For the first time since 1998, the Mullins Center will play host to the opening round of the Atlantic 10 women’s basketball tournament, as the fifth-seeded Massachusetts women’s basketball team welcomes No. 12 St. Bonaventure (7-22, 4-12 A-10) on Tuesday.
A win sends UMass (19-10, 9-7 A-10) to Dayton for the conference quarterfinals. A loss will end the Minutewomen’s best season in years, which has seen the team earn its highest win-total in 22 years, including a program record 11-game win streak.
The stakes, like any elimination game, are very high.
“Playoff games are life or death,” senior Vashnie Perry said. “Either you’re done or you’re going to keep going, continuing your legacy or ending it how it is. Every game is more serious than just playing in conference.”
Despite the high stakes, UMass enters the contest with plenty of confidence. There is no secret recipe for success and if the Minutewomen are going to come out on top Tuesday night, the players and coaching staff say they need to do what they have been all season, controlling what they can control.
If so, they believe, the results will take care of themselves.
“Our coaches tell us to just win the day; take it one day at a time,” Perry said. “We can’t look too much to tomorrow. Take this day, accept it, win it, and be done.”
Head coach Tory Verdi says there’s no way to prepare his team for the pressure that comes with an elimination game, but that the important games the Minutewomen have won and lost this year have helped them prepare for the moment to come.
“I think we’ve faced pressure before, so we’re prepared,” Verdi said. “We’ve played enough games at this point, 29 to be exact, and it’s just another game. We’re not putting any pressure on ourselves. We compete, we do the best that we can, and whatever happens, happens.”
One of the character-building games Verdi may be referring came in Saturday’s win over Rhode Island, the last regular season game for Perry and fellow senior Hailey Leidel.
Leidel and Perry came out a bit jumpy out of the gate, which Leidel says was due to the emotional pregame ceremony. But Perry and Leidel’s underclassman teammates were there to carry the torch.
Players like Bre Hampton-Bey and Destiney Philoxy are appreciative of the strides the program has taken thanks to Leidel and Perry and are dedicating the final stretch of this year to them.
“The respect we have for them, and the things that they’ve done,” Hampton-Bey said. “We want to give them the happy going away because we want them to remember that day.”
On the court, UMass and St. Bonaventure are already pretty familiar with each other. In both of their second conference games of the year back in January, the Minutewomen downed the Bonnies 62-52 in upstate New York. Since then, both teams have gone in different directions. UMass has had its share of ups and downs with more ups than downs, while St. Bonaventure has been in a bit of a tailspin.
This, combined with the records, may seemingly indicate a UMass win on Tuesday night, but as Verdi has said all throughout the season, any team is capable of beating any other team on any given night.

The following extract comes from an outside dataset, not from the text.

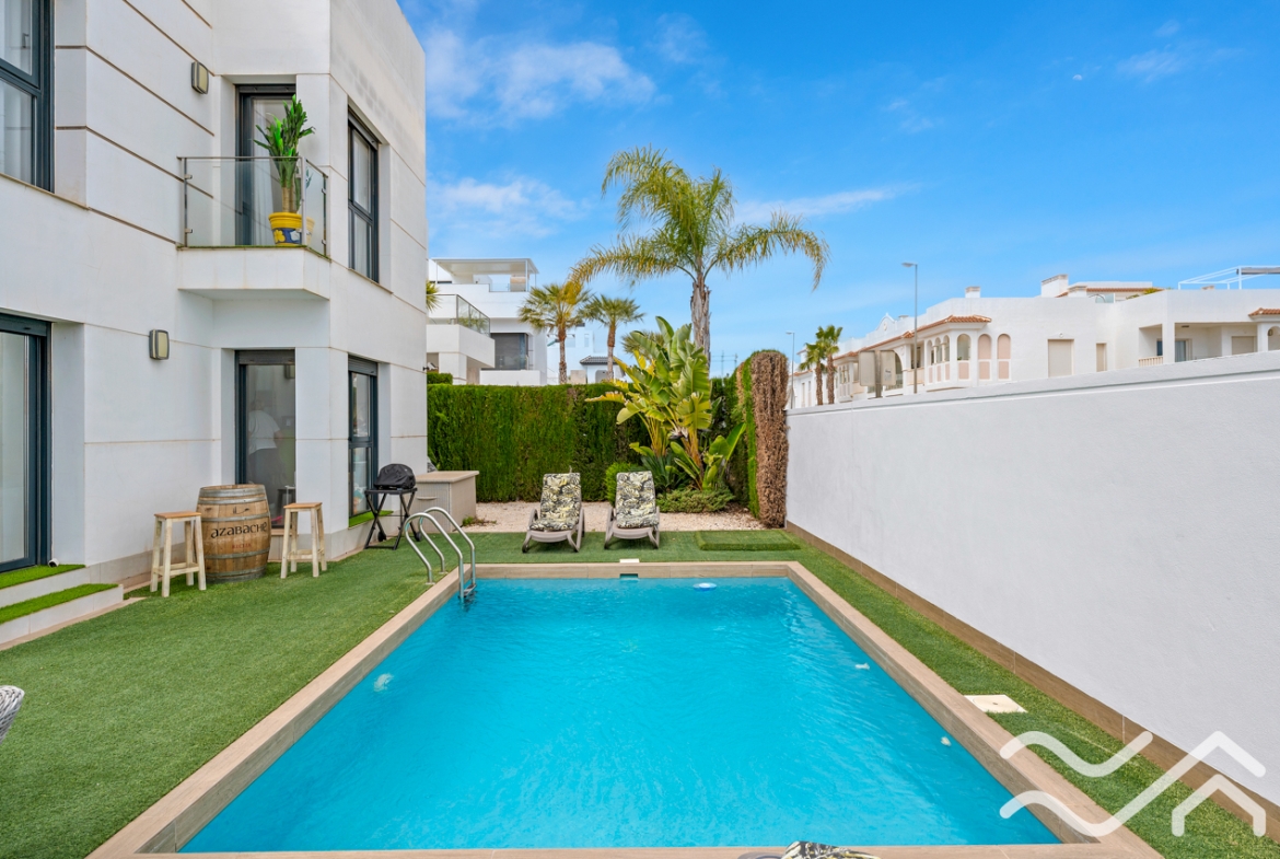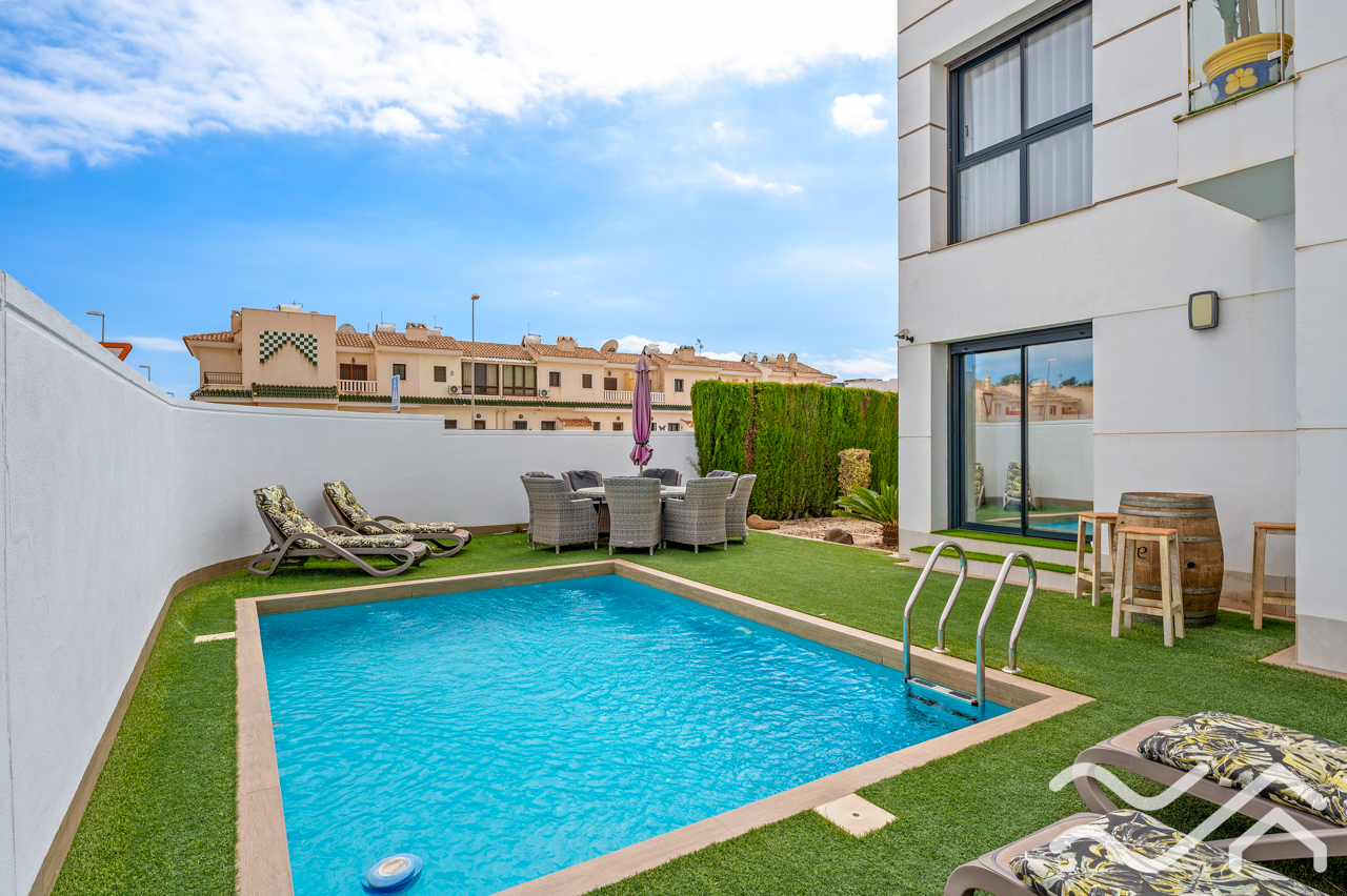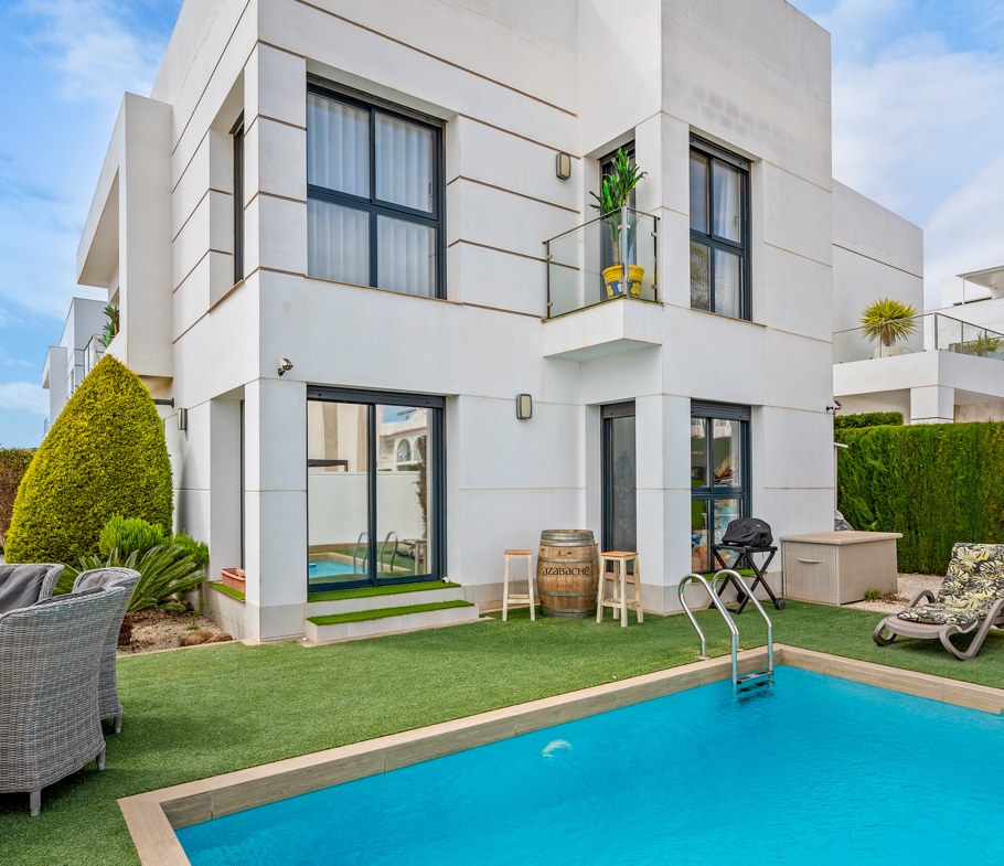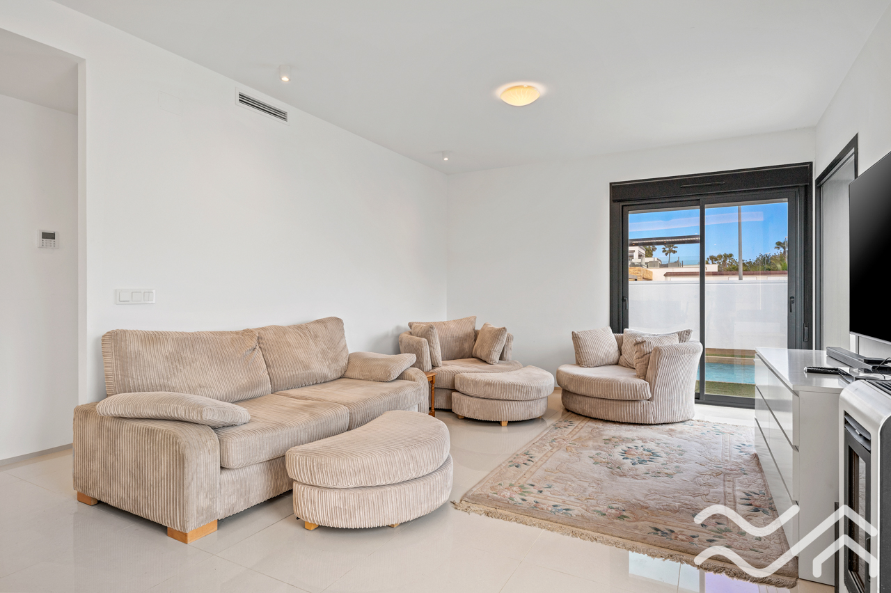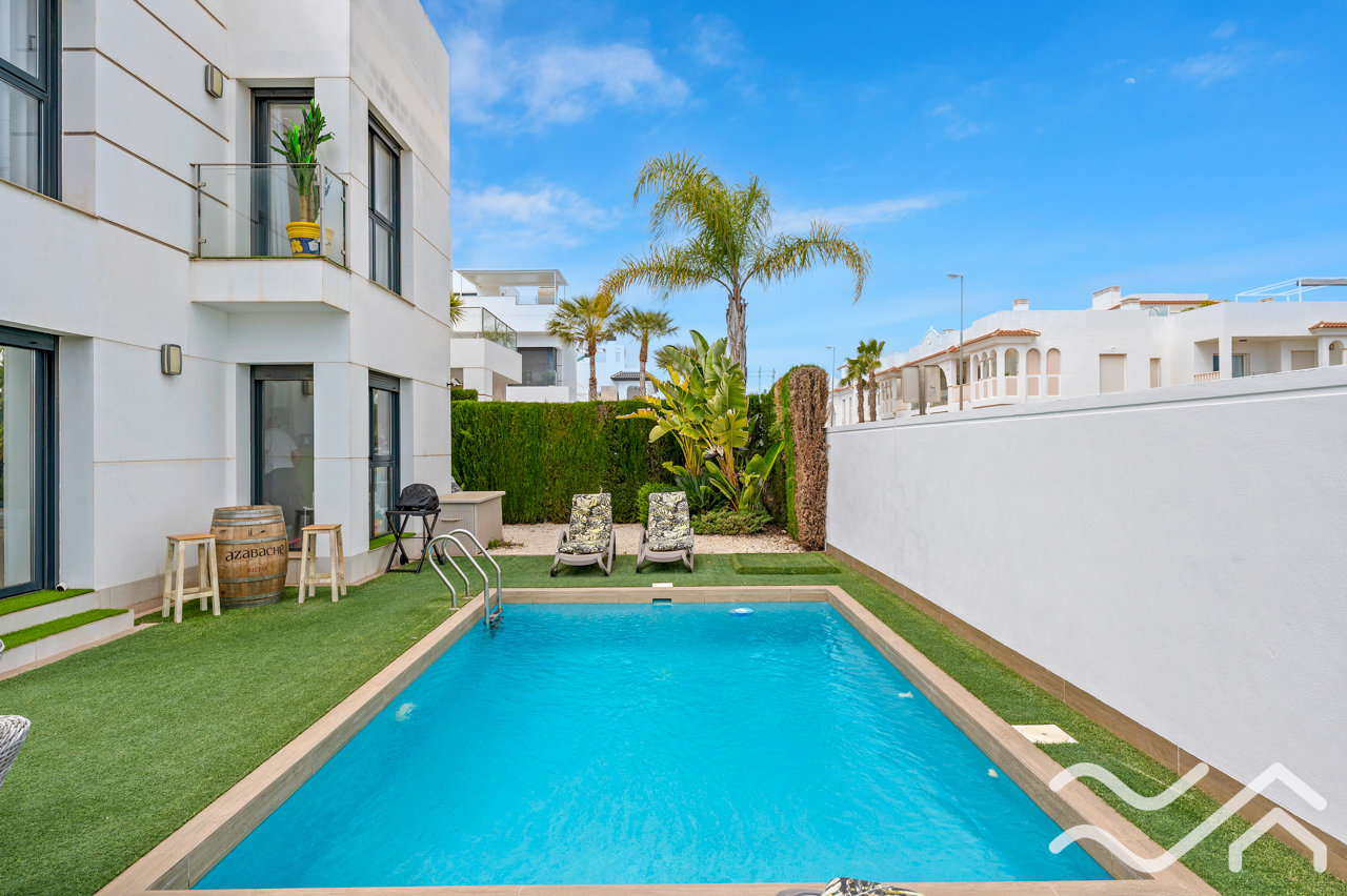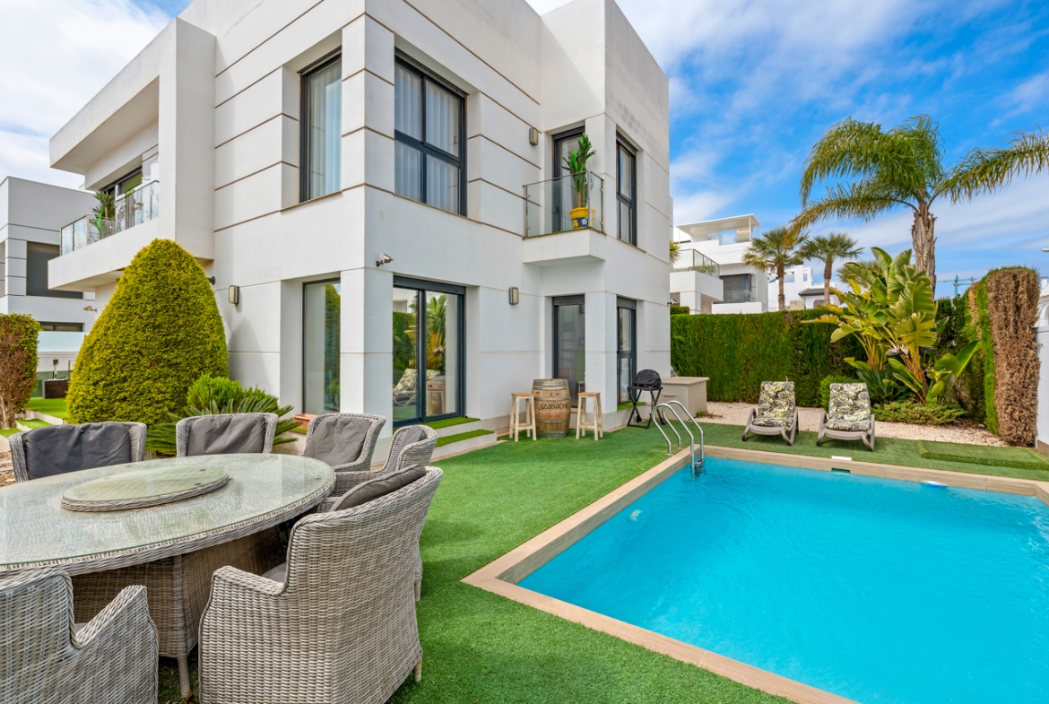 This is one of those homes that just feels right from the moment you walk in – a stylish, move-in-ready villa with four bedrooms, private pool, generous outdoor space and a sunny rooftop terrace, located in the sought-after area of Dona Pepa in Ciudad Quesada.

The Minutewomen’s 73-56 loss to 13th-place George Mason on Feb. 5 is evidence of that.
UMass is expecting the Bonnies to come out firing.
“I expect them to throw their best shots. I don’t expect any less of them,” Perry said. “I don’t think they’re going to come in thinking, ‘oh we’re just going to walk all over them’, so they’ll have to match our energy as well.”
The Bonnies and the Minutewomen are set to tipoff at 7:00 p.m.